Сейчас мы сталкиваемся с ситуацией, сравнимой со смутным временем в России. Это было длительное и очень тяжелое время.

П.П.: Однако существуют обстоятельства, не позволяющие провести это сравнение полностью. Например: Россия всегда имела реальных врагов. Сейчас, можно сказать, она их не имеет. Для России это, в некотором смысле, катастрофа. Было несколько вещей, которые постоянно структурировали пресловутую аморфность, неоформленность российского менталитета. Во-первых, это агрессия извне, которую в смутное время осуществляли шведы, поляки и другие. И, во-вторых, это комплексы вины, комплексы неполноценности, которые инспирируют различные мании величия. Сейчас нет ни того, ни другого.

М.Р.: Мания величия как раз у России существует.

П.П.: Но она не поддержана больше комплексом неполноценности, следовательно это неполноценная, фальшивая мания величия.

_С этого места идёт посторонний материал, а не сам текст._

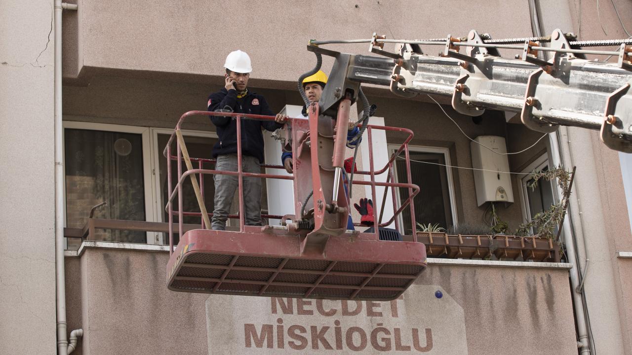 "Merdivenleri zaten kullanamıyoruz. Kapılar da esnediği için açılamıyor. O yüzden vinçle daireye kadar çıkıyoruz. 9`uncu kata kadar çıktığımız oldu. Çok sıkıntılı binalara da giriyoruz. Orada olduğumuz zaman sallantılar oluyor. Hemen vinçle aşağı iniyoruz. Geçmesini bekliyoruz ve tekrar devam etmezse artçılar yeniden çıkıyoruz."

М.Р.: Эти комплексы взаимосвязаны, это то, что Фрейд называл амбивалентностью. Если мы утверждаем: "Мы Богом забытый народ", мгновенно происходит трансформация и мы превращаемся в "Богом избранный народ", живущий в отмеченном особой благодатью месте. Переход от проклятия к акту благодати, как мы знаем, осуществляется мгновенно. На самом деле, бить себя в грудь, каяться, заявляя: "Я самый плохой!" - практически означает совершать акт мегаломании. И сейчас эта амбивалентность очень сильна.

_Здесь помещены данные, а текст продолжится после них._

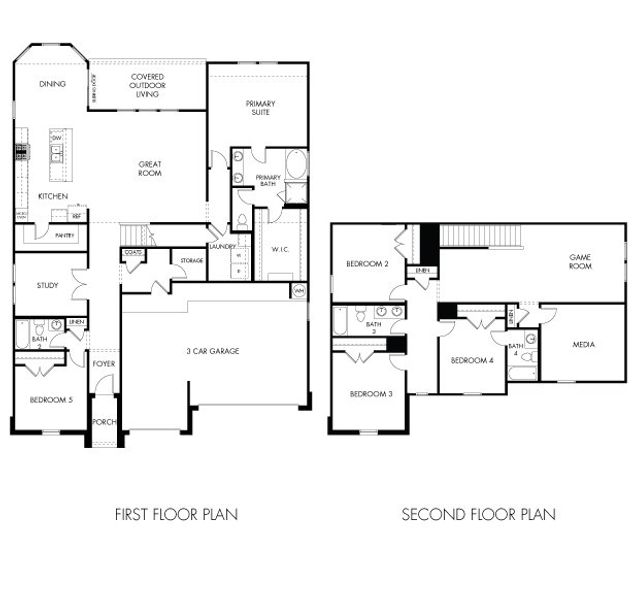 Unwind in the Revere's primary suite or private study, while the kids enjoy the media and game rooms upstairs. Gray cabinets with marble-look white quartz countertops, warm beige EVP flooring, and multi-tone taupe carpet in our Radiant package.

Ну а что касается нашей среды, мы сейчас живем невиданно приватизованной жизнью и очень сильно отчуждены. Мы находимся в зоне ненужности. Для нас это привычно. В прошлом эта ненужность имела тотально-объясняющую возможность, т. е. из сферы ненужности можно было легко объяснять сферу нужности, проницать ее как бы достоверными лучами. А сейчас мы находимся в сфере ненужности, которая не обладает никакой специфической проницаемостью. Она полностью направлена на Запад, и там она кое-какие структуры все время высвечивает, за счет чего мы и живем. Оказалось, что именно на Западе мы понимаем некоторые механизмы, и это дает нам возможность ориентироваться. Оказалось, что зоны частичной проницаемости для нас открылись на Западе, и, может быть поэтому критическая масса некоторых, казавшихся местными, явлений туда сдвигается. Здесь мы лишены пространства понимания, которое у нас было раньше. Мы легко превращали гонимость в акт понимания. Сейчас мы попали в зону очень банальной репрессированности, репрессированности, которой даже нельзя похвастаться, потому что любой нам скажет: "Вы, по крайней мере, чего-то можете заработать за границей, а мы ничего не можем заработать". В этом смысле наша группа является относительно привилегированной, которая может жить за счет другого рынка. В этом смысле она является зародышем среднего класса.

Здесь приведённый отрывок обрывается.